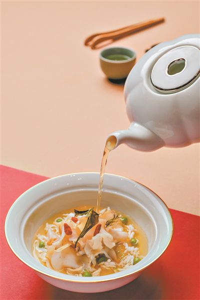 素以“色綠、香郁、味甘、形美”四絕稱著的杭州西湖獅峰山明前龍井茶,用雞湯泡制至出味后,雞湯之鮮與龍井茶之香渾然一體。這是一道“龍井沖浪響螺片湯”,出自廣州W酒店紫艷中餐廳劉均平師傅之手,他根據季節時令,結合飲茶養生概念以茶入饌,將香茗與佳肴結合,呈現創意粵式菜品。他將響螺切片后放入湯中浸泡15秒鐘至口感軟糯,湯水清甜不濁,清鮮帶有幽幽茶香。不僅是龍井,河南信陽毛尖茶葉也與雞湯能搭,將它放入濃雞湯中浸泡至出味,同時加入春日特色菜春筍絲和春菜苗搭配,綠色撲面而來。
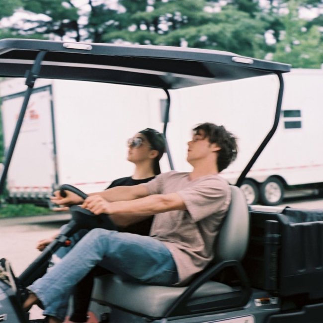 Мэйси Уильямс и Чарли Хитон в перерыве между съемками кинокомикса «Люди Икс: Новые мутанты». Также в актерском составе фантастической хоррор-драмы значатся Аня Тэйлор-Джой, Генри Зага и Блю Хант.
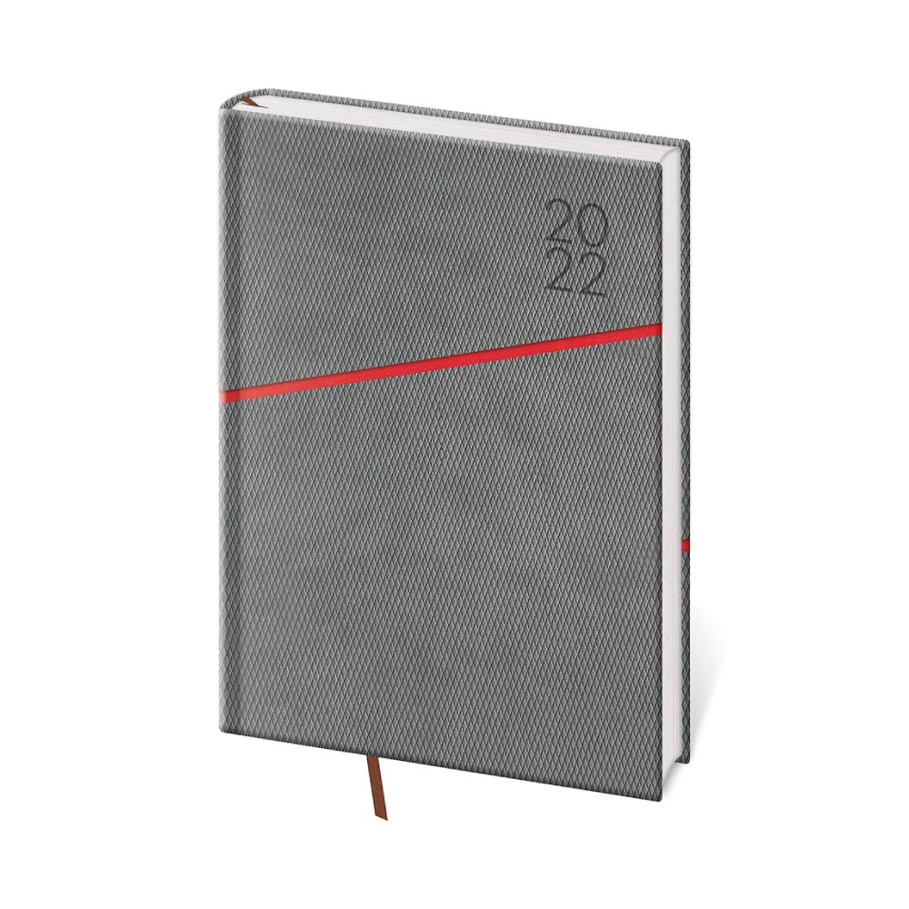 Rozmer: 143 x 205 mm Formát: A5 Kalendárium: denné české/slovenské Počet strán: 352 strán Farba bloku: biela Väzba: V8 Poťahový materiál: matná štruktúrovaná koženka Obsahuje: osobné údaje, plánovač dovolenky (mesačný prehľad), plánovací kalendá
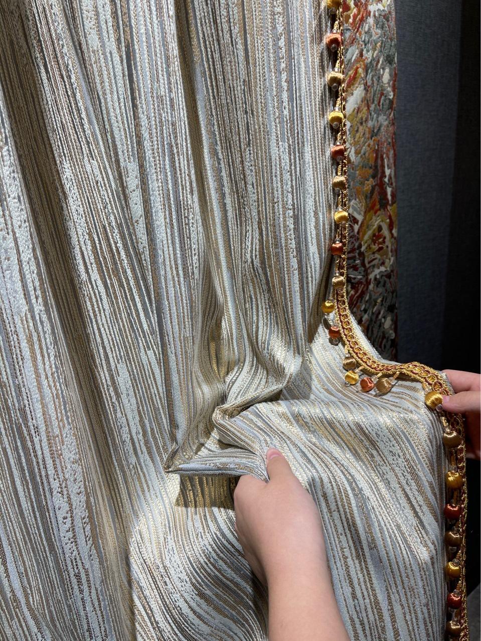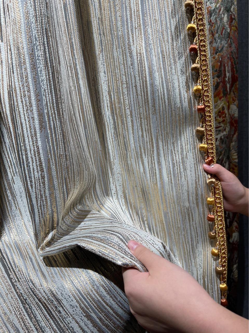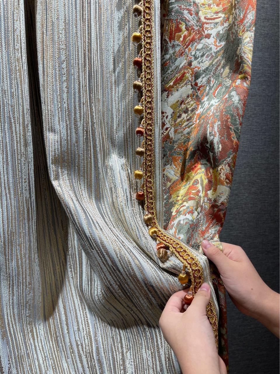 Cortina de jacquard con hilo dorado, costura americana de lujo, sombreado, sala de estar, dormitorio de lujo, cortina con acabado de costura moderna

- **Exercise description**:
The line with "Мэйси Уильямс и" and each line after it, through the final line of the data, are to be duplicated exactly, with pictures left out and nothing more included.

- **Output of the task**:
 Мэйси Уильямс и Чарли Хитон в перерыве между съемками кинокомикса «Люди Икс: Новые мутанты». Также в актерском составе фантастической хоррор-драмы значатся Аня Тэйлор-Джой, Генри Зага и Блю Хант.
 Rozmer: 143 x 205 mm Formát: A5 Kalendárium: denné české/slovenské Počet strán: 352 strán Farba bloku: biela Väzba: V8 Poťahový materiál: matná štruktúrovaná koženka Obsahuje: osobné údaje, plánovač dovolenky (mesačný prehľad), plánovací kalendá
 Cortina de jacquard con hilo dorado, costura americana de lujo, sombreado, sala de estar, dormitorio de lujo, cortina con acabado de costura moderna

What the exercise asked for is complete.